▶ **PROMPT**: Give the records back exactly as written, but without the images.

····················

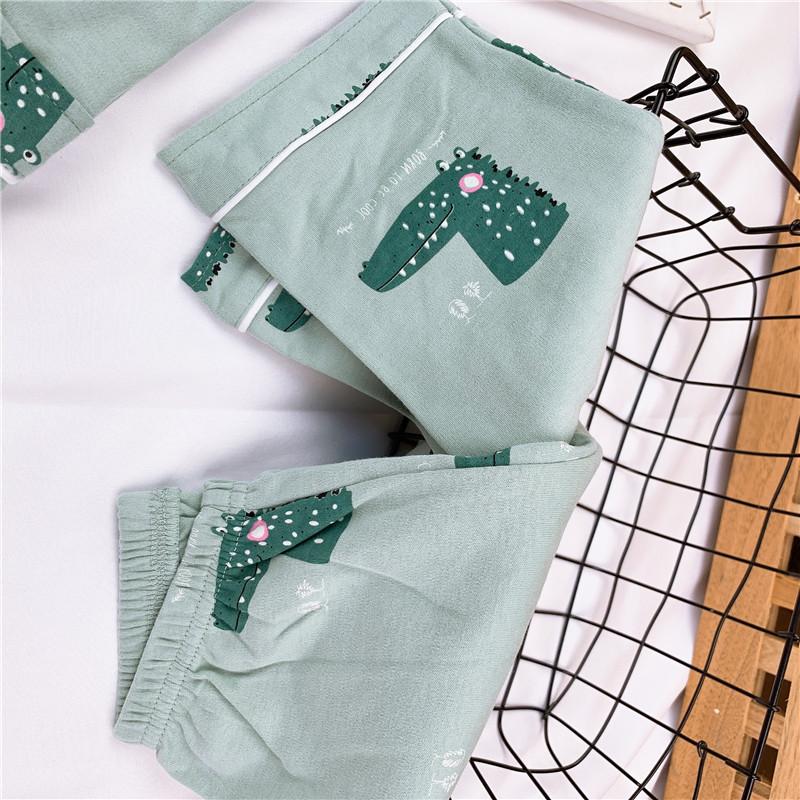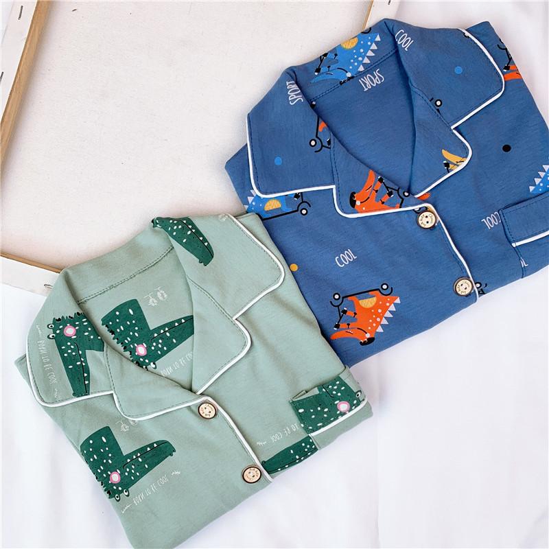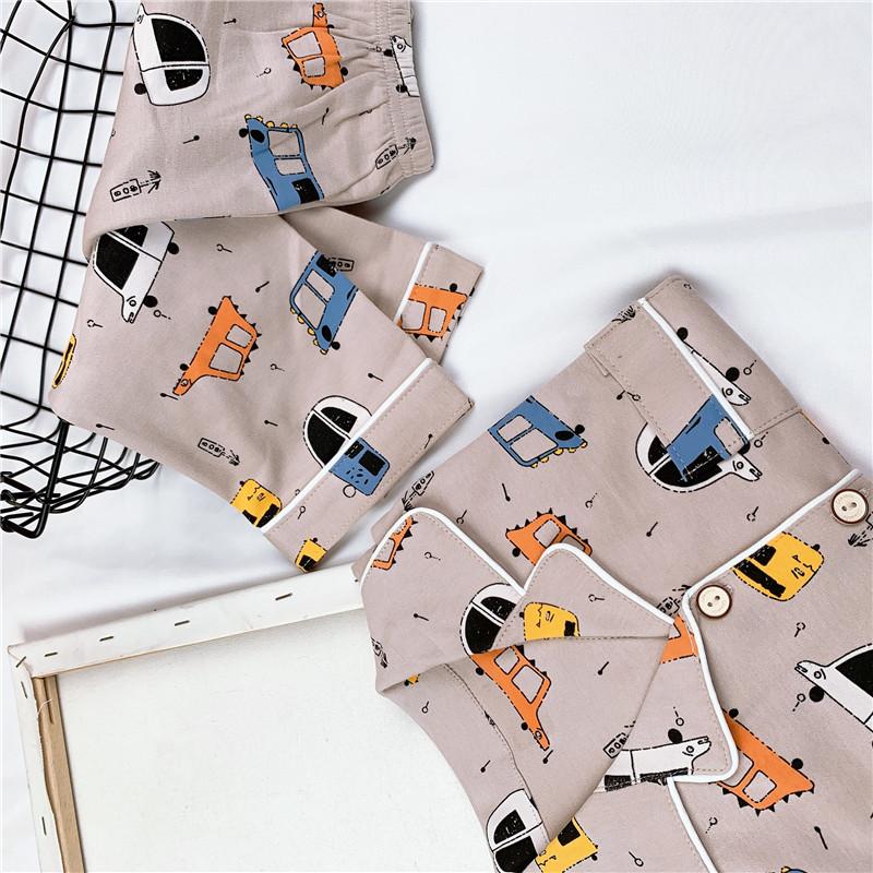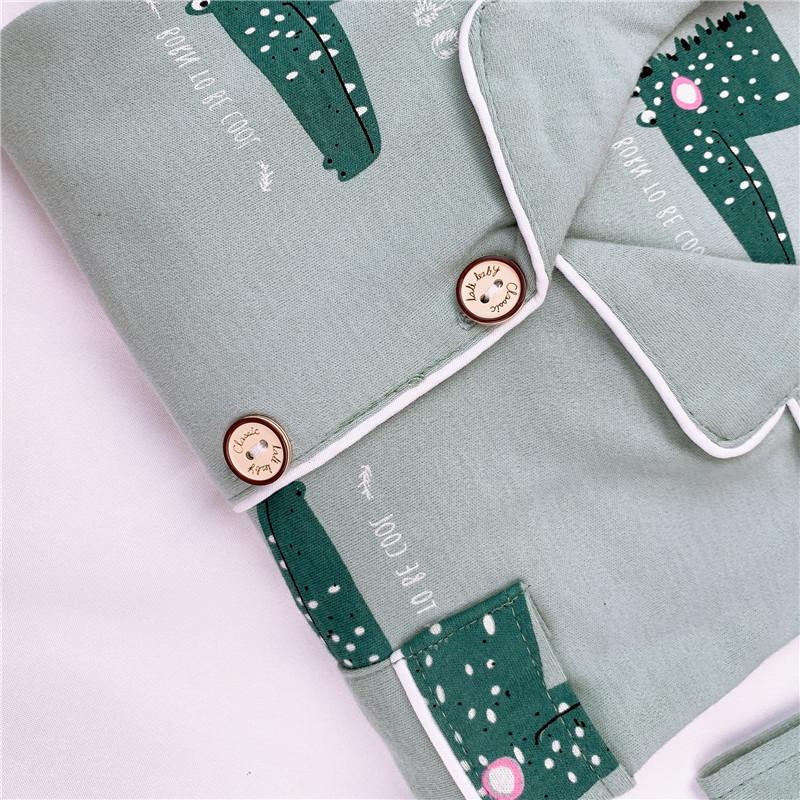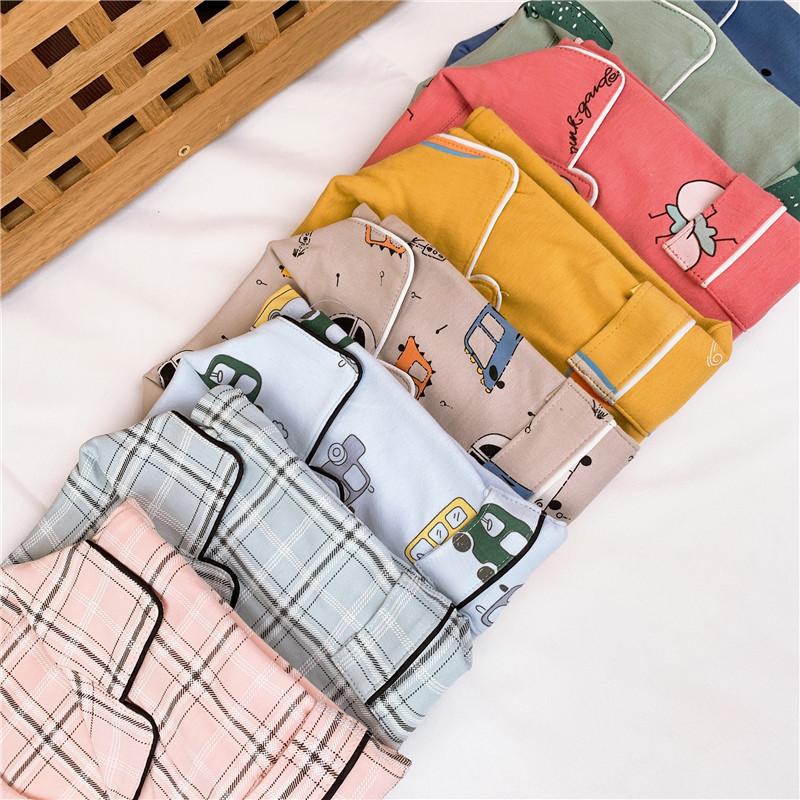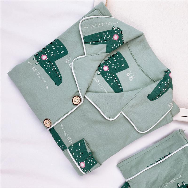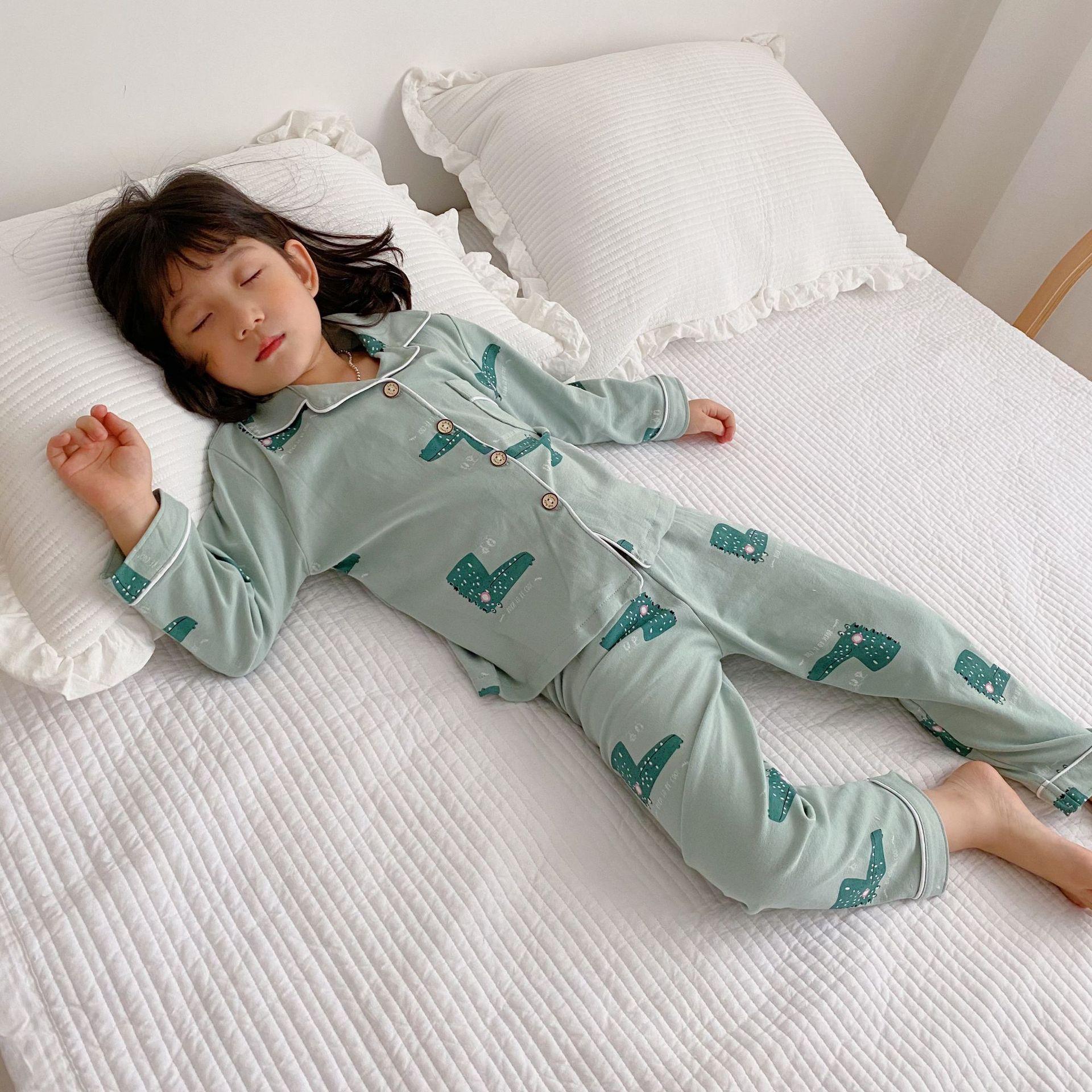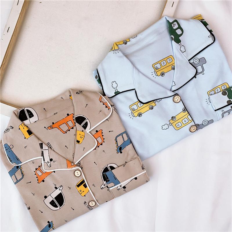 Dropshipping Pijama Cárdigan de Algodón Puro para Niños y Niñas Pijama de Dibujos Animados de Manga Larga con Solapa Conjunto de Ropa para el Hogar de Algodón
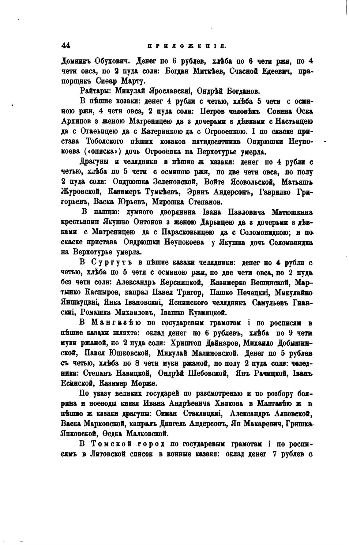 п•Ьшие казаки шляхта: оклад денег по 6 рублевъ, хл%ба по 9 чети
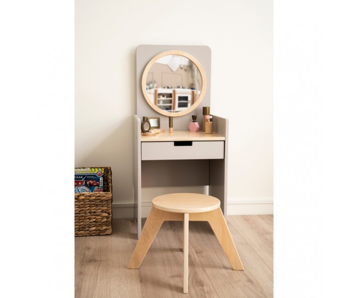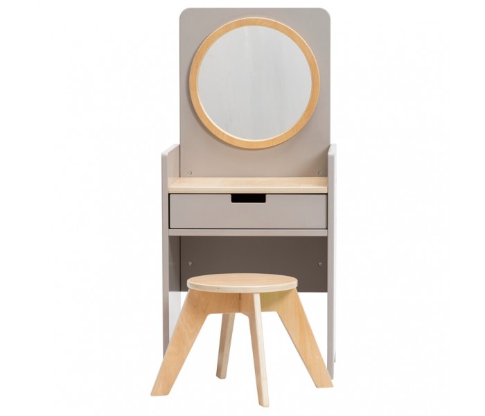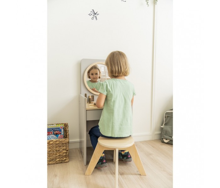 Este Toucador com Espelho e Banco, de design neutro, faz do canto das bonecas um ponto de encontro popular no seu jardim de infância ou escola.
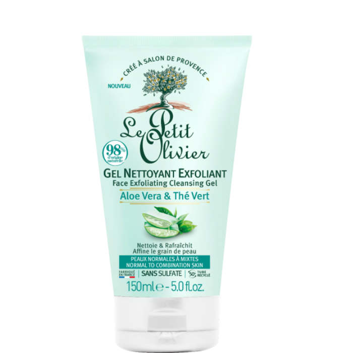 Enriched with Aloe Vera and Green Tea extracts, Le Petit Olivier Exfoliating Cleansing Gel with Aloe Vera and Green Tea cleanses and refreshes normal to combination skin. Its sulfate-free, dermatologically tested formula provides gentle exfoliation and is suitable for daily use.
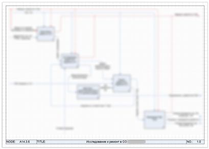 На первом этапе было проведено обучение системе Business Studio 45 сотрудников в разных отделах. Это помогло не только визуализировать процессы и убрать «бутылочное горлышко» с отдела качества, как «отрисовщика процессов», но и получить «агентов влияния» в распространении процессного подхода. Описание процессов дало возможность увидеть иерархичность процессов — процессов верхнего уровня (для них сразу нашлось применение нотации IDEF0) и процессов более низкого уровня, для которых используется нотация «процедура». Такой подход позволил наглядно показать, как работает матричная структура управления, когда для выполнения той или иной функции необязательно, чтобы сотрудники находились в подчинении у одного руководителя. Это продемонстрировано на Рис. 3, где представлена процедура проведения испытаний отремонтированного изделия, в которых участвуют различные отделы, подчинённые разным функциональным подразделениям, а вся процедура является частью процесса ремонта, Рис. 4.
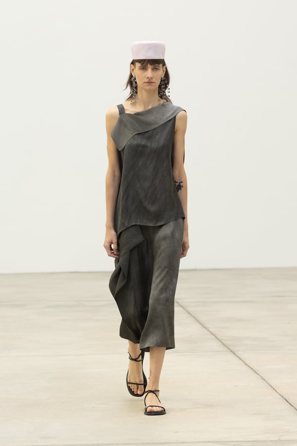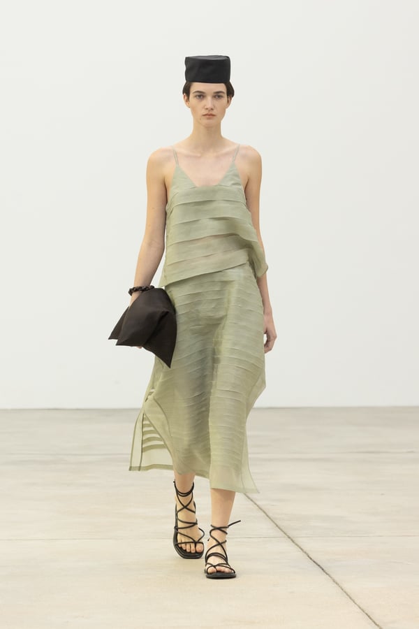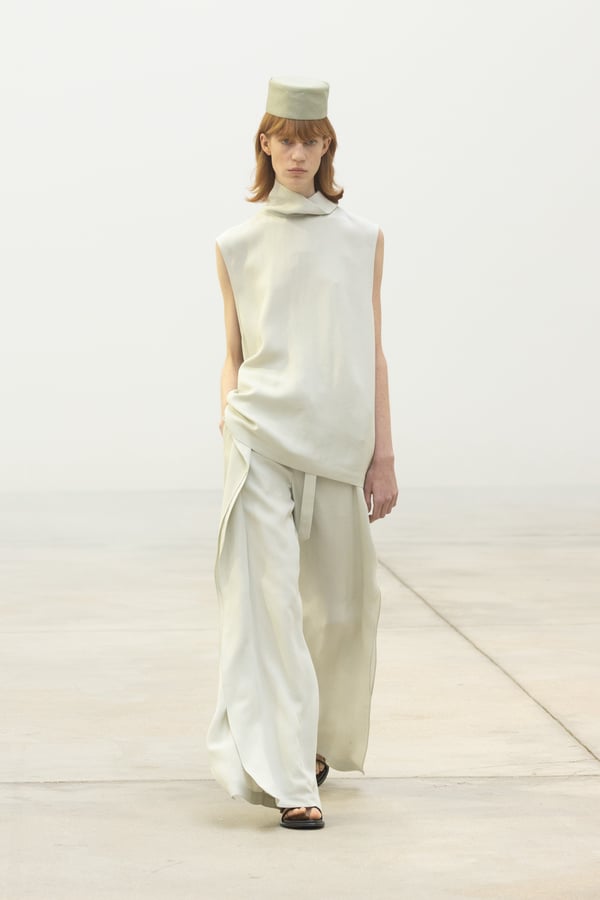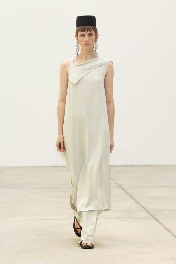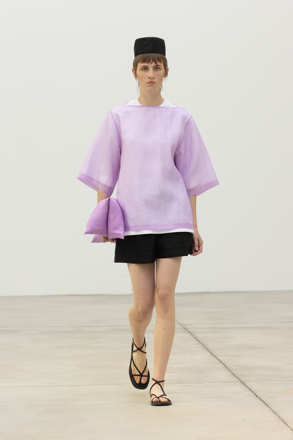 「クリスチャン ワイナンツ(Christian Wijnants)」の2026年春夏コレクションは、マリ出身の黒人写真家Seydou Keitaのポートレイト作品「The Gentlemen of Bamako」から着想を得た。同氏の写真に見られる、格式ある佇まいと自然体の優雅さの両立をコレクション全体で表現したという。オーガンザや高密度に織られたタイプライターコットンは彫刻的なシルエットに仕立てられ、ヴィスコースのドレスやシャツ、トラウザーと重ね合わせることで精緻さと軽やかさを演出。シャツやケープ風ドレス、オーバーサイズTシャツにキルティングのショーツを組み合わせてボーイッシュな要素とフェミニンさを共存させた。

····················

▶ **RESPONSE**:
 Dropshipping Pijama Cárdigan de Algodón Puro para Niños y Niñas Pijama de Dibujos Animados de Manga Larga con Solapa Conjunto de Ropa para el Hogar de Algodón
 п•Ьшие казаки шляхта: оклад денег по 6 рублевъ, хл%ба по 9 чети
 Este Toucador com Espelho e Banco, de design neutro, faz do canto das bonecas um ponto de encontro popular no seu jardim de infância ou escola.
 Enriched with Aloe Vera and Green Tea extracts, Le Petit Olivier Exfoliating Cleansing Gel with Aloe Vera and Green Tea cleanses and refreshes normal to combination skin. Its sulfate-free, dermatologically tested formula provides gentle exfoliation and is suitable for daily use.
 На первом этапе было проведено обучение системе Business Studio 45 сотрудников в разных отделах. Это помогло не только визуализировать процессы и убрать «бутылочное горлышко» с отдела качества, как «отрисовщика процессов», но и получить «агентов влияния» в распространении процессного подхода. Описание процессов дало возможность увидеть иерархичность процессов — процессов верхнего уровня (для них сразу нашлось применение нотации IDEF0) и процессов более низкого уровня, для которых используется нотация «процедура». Такой подход позволил наглядно показать, как работает матричная структура управления, когда для выполнения той или иной функции необязательно, чтобы сотрудники находились в подчинении у одного руководителя. Это продемонстрировано на Рис. 3, где представлена процедура проведения испытаний отремонтированного изделия, в которых участвуют различные отделы, подчинённые разным функциональным подразделениям, а вся процедура является частью процесса ремонта, Рис. 4.
 「クリスチャン ワイナンツ(Christian Wijnants)」の2026年春夏コレクションは、マリ出身の黒人写真家Seydou Keitaのポートレイト作品「The Gentlemen of Bamako」から着想を得た。同氏の写真に見られる、格式ある佇まいと自然体の優雅さの両立をコレクション全体で表現したという。オーガンザや高密度に織られたタイプライターコットンは彫刻的なシルエットに仕立てられ、ヴィスコースのドレスやシャツ、トラウザーと重ね合わせることで精緻さと軽やかさを演出。シャツやケープ風ドレス、オーバーサイズTシャツにキルティングのショーツを組み合わせてボーイッシュな要素とフェミニンさを共存させた。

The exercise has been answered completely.